Солнышко, облако, дождик… Время — Ночь.
Еще одна НОЧЬ в моей жизни.
Господи, зачем я живу…
Я Вас отыскала вслепую, средь тысяч душ и нагромождений времен для чего??????????????????
Я не могу тебя терять, не могу, это последнее, что я вынесу.
Спасибо.
Я все услышала…»
Я все услышала. Своими ушами. Забавная инверсия смысла: «своими ушами слышала» — ведь это вполне может значить, что услышала на свой лад. Так и было. Я слышала в его словах лишь отвержение.
Вот только подлинно ли так?
Не закрывала ли я голову руками, уворачиваясь от взгляда неизбежной любви?
Без него было плохо. Писать ему я не могла. Не хотела навязывать себя. Просто не было слов. Мне нужен был знак от него. Зов.
Глава 12
Сегодня прошел почти год после развода Митьки Салтанова. И я получила от него письмо:
«…Лика, я влюблен!!! Не могу поверить. Знаешь, я словно лечу на дельтаплане, оттолкнувшись от самой высокой горы, лечу, и падаю, и разбиваюсь насмерть…
Но ветер носится надо мной, колдует, сращивает мои кости и вновь поднимает меня ввысь. Я хочу стать ветром. Тогда мне не нужно будет подниматься и падать… а пока сжимаю зубы от боли и замираю от счастья.
Целый год никого у меня не было, ни флирта, ни подружки. Не хотел… ничего и никого… И вот…»
Ну вот и хорошо, жизнь продолжается.
А я раскрываю еще один архив с письмами, и сердце распухает до самого горла, и пальцы дрожат.
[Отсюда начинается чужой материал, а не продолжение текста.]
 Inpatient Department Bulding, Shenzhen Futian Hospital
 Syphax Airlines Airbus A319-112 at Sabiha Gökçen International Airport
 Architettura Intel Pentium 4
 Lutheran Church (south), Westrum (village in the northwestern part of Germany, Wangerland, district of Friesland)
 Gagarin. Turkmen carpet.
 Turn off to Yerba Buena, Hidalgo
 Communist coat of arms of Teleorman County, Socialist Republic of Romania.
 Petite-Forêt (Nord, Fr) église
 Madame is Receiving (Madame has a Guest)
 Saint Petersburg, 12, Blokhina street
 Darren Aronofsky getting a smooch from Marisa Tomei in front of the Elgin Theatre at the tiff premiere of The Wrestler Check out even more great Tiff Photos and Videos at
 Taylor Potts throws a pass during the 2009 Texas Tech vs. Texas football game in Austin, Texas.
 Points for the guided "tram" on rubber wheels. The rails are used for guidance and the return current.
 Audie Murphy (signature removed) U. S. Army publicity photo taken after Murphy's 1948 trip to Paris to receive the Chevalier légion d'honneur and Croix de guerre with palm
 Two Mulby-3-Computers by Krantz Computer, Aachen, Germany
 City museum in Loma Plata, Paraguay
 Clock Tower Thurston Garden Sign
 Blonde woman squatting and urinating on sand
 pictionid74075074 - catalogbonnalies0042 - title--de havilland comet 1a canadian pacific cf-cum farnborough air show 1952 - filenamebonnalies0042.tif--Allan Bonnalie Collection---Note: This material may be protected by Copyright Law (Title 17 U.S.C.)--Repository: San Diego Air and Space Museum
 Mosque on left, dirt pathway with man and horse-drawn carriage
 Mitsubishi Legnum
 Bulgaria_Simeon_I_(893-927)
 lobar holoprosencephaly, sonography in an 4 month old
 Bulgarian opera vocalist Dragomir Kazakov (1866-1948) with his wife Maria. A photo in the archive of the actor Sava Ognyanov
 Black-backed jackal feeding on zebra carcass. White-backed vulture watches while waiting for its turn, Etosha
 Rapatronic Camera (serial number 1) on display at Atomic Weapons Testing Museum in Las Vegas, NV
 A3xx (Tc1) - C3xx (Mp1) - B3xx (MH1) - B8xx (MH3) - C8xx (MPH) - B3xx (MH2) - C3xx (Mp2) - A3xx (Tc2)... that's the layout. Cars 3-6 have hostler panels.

После примерно двух недель мучения и молчания я решилась написать Игорю сама.
«…Здравствуйте, Игорь!
Знаете, я ведь специально удалила Ваши письма и адрес, чтобы не было возможности написать. Но найти адрес в Инете — проблем нет. Первый же Гугл, третья ссылка была с адресом.
Тогда, в августе, я скопировала только последние Ваши записочки в Word, чтобы читать и напоминать себе, что такое унижение.
И не нарываться больше.
Не знаю, что Вы вкладывали в те свои строчки.
Хотите знать, как я их прочитала? Вот так: „Займи свое место на коврике у двери, не грузи меня реалом. Будем играть по моим правилам — или пошла вон“.
Я выбрала „или“.
И хотя очень тосковала, я не могла Вам писать. Не потому, что не хотела общаться, а потому, что… словом, я думала, что Вы вздохнули с облегчением, когда я исчезла из Вашей почты со своими дурацкими письмами.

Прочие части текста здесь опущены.